# College Degrees



## steven (Dec 11, 2011)

Amidst the studying for finals I had to take a break and came here. I was just curious of what everyone on the Forums majored in in school. Or whether you just got a job and stuck to it?

For me, I went to college right after highschool, and currently a senior majoring in Biology with a concentration in Immunology/Pathology. 

Your turn.


----------



## cherylim (Dec 11, 2011)

I did a BSc degree in TV Production here in the UK, and specialised in research.

I then went on to begin a career in research, but due to the company I work for being unstable I then ended up being called upon for other roles including SEO and copywriting. I'm now a full-time copywriter, as well as running my own content and copywriting business. Technically, I got to the position I'm in today because of my degree, but the work I do now isn't linked to what I studied at all.


----------



## dmarcus (Dec 11, 2011)

I went into the Military after high school after that I did get my BA in Criminal Justice...


----------



## jackrat (Dec 11, 2011)

I majored in occupational therapy and operate cranes for a living.


----------



## ALDABRAMAN (Dec 11, 2011)

USF, two BA degrees.


----------



## dmmj (Dec 11, 2011)

I am a amateur gynecologist.


----------



## Maggie Cummings (Dec 11, 2011)

dmmj said:


> I am a amateur gynecologist.



lol!


----------



## steven (Dec 11, 2011)

dmmj said:


> I am a amateur gynecologist.


hahahahaha! thats awesome



jackrat said:


> I majored in occupational therapy and operate cranes for a living.


wow, thats a little different than what I'd expect. lol


----------



## Jacqui (Dec 11, 2011)

After I graduated high school, I was too busy training and showing dogs to follow my dream... which was going to Vet school.

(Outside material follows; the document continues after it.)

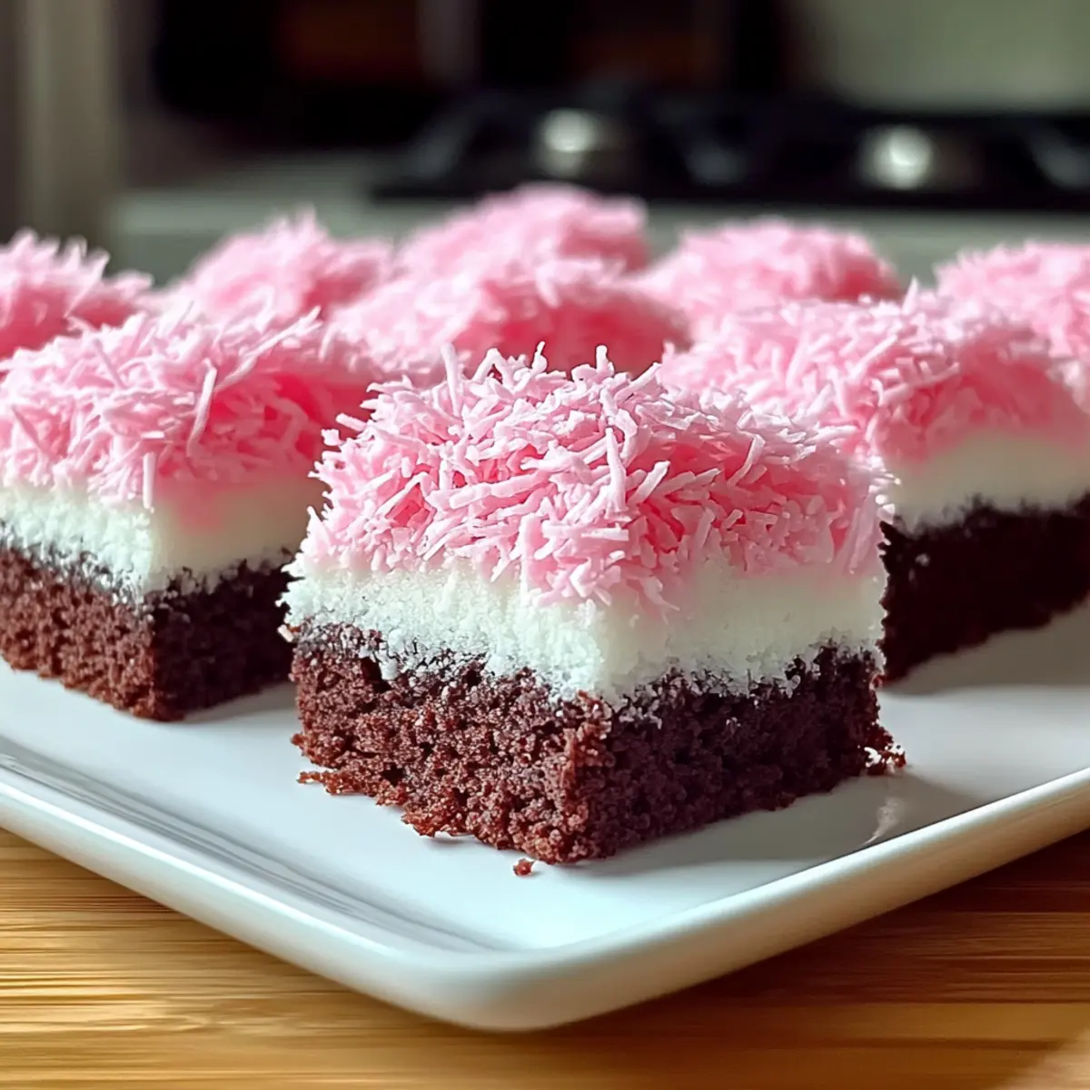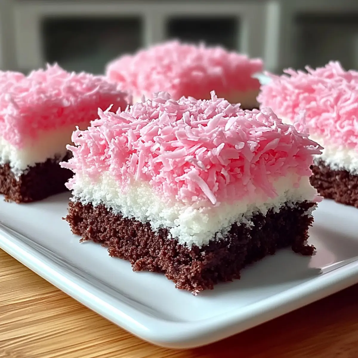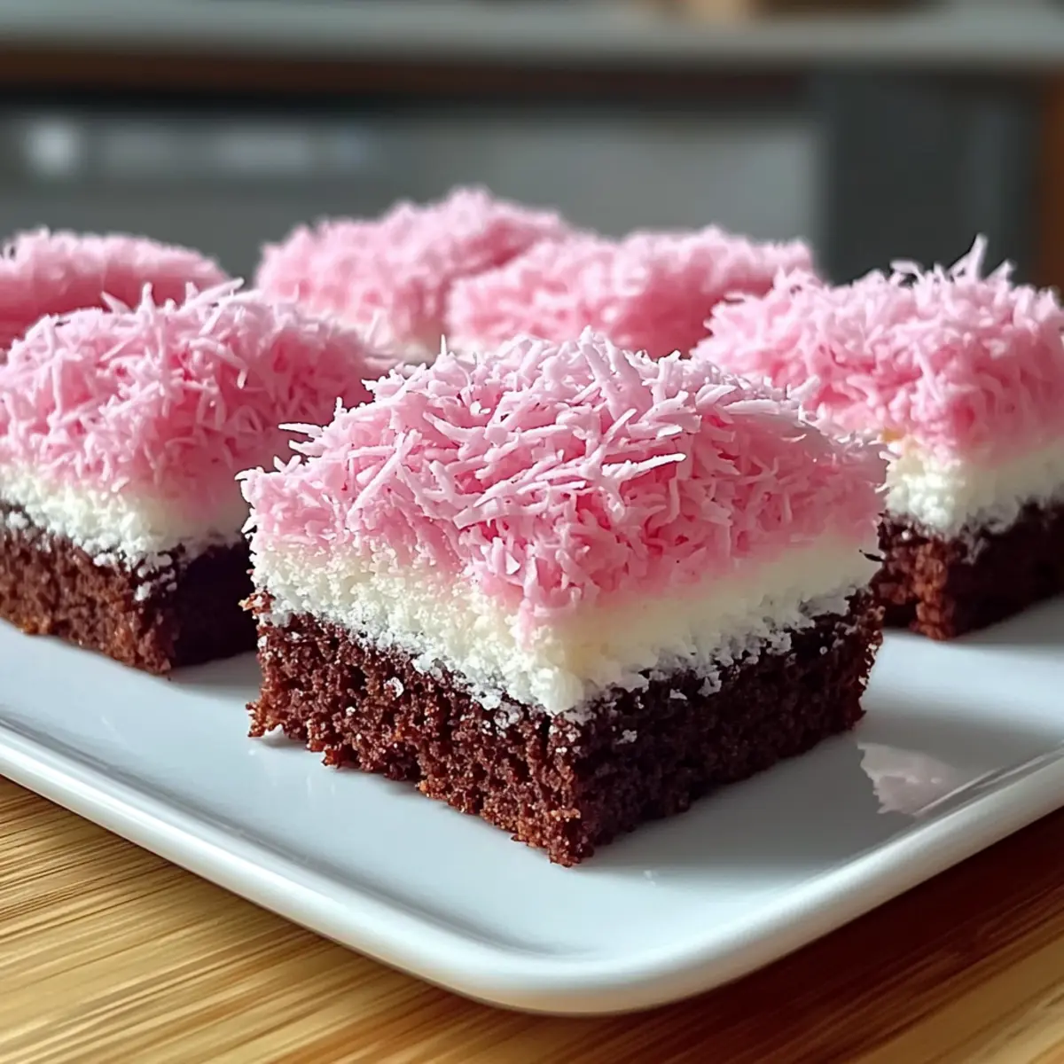 Decadent chocolate base pairs beautifully with a fluffy pink coconut topping—better than any bakery dessert.

I did go to community college around having my children and studied psychology and bookkeeping (good combo huh?  ). Right now I would love for somebody to hand me a scholarship for books and tuition. I'd love to go back for botany and some animal classes too.


----------



## Yvonne G (Dec 11, 2011)

I got married. (After the kids were all in school I started at the local (at that time it was nationwide) phone company as a drafter. After 30 years, retired as a communications engineer)


----------



## CtTortoiseMom (Dec 11, 2011)

emysemys said:


> I got married.



Haha, me too! I am so glad he went to college, if I was not raising, kid's, tort's and dog's I don't what I would do!!


----------



## exoticsdr (Dec 11, 2011)

US Air Force out of high school, electronics technician, electrician, drill rig operator, land surveyor, construction inspector, bridge builder, BS (Biology, Chemistry) in 1998, Doctorate in Veterinary Medicine in 2002 (at the ripe old age of 38), began terrorizing TFO in 2010.


----------



## Yvonne G (Dec 11, 2011)

exoticsdr said:


> US Air Force out of high school, electronics technician, electrician, *drill rig operator*, land surveyor, construction inspector, bridge builder, BS (Biology, Chemistry) in 1998, Doctorate in Veterinary Medicine in 2002 (at the ripe old age of 38), began terrorizing TFO in 2010.



So THAT's why you and Jackrat hit it off so well!


----------



## exoticsdr (Dec 11, 2011)

Besides being exceedingly handsome, Jeff and I have many things in common. haha


----------



## Katherine (Dec 14, 2011)

I graduated HS early and had no idea what to do with my life but jumped into college anyways... BA in food and beverage management and a degree in massage therapy left me unsatisfied and I just finished a BS in Biology concentration in Microbiology one semester left for a BS in Chemistry and then pending my application results and the exorbitant costs of being a career a student I will hopefully be vet school bound! Hope your exams went well, I had exams last week as well : )


----------



## african cake queen (Dec 14, 2011)

dmmj said:


> I am a amateur gynecologist.



i can always count on you!'lol' lindy


----------



## WallieTheTortoise (Dec 14, 2011)

Going to school for Nursing, just finished my finals yesterday and finally got a good night of sleep!


----------



## african cake queen (Dec 14, 2011)

dalano73 said:


> I went into the Military after high school after that I did get my BA in Criminal Justice...



so cool!



WallieTheTortoise said:


> Going to school for Nursing, just finished my finals yesterday and finally got a good night of sleep!



good for you, it takes a special person to care for others. thanks


----------



## ALDABRAMAN (Dec 14, 2011)

dmmj said:


> I am a amateur gynecologist.


----------



## Lulu (Dec 14, 2011)

I'm guessing that I'm not the only one that actually finds that offensive, despite the "teehees." Looking at lots of vaginas is so funny, amirite?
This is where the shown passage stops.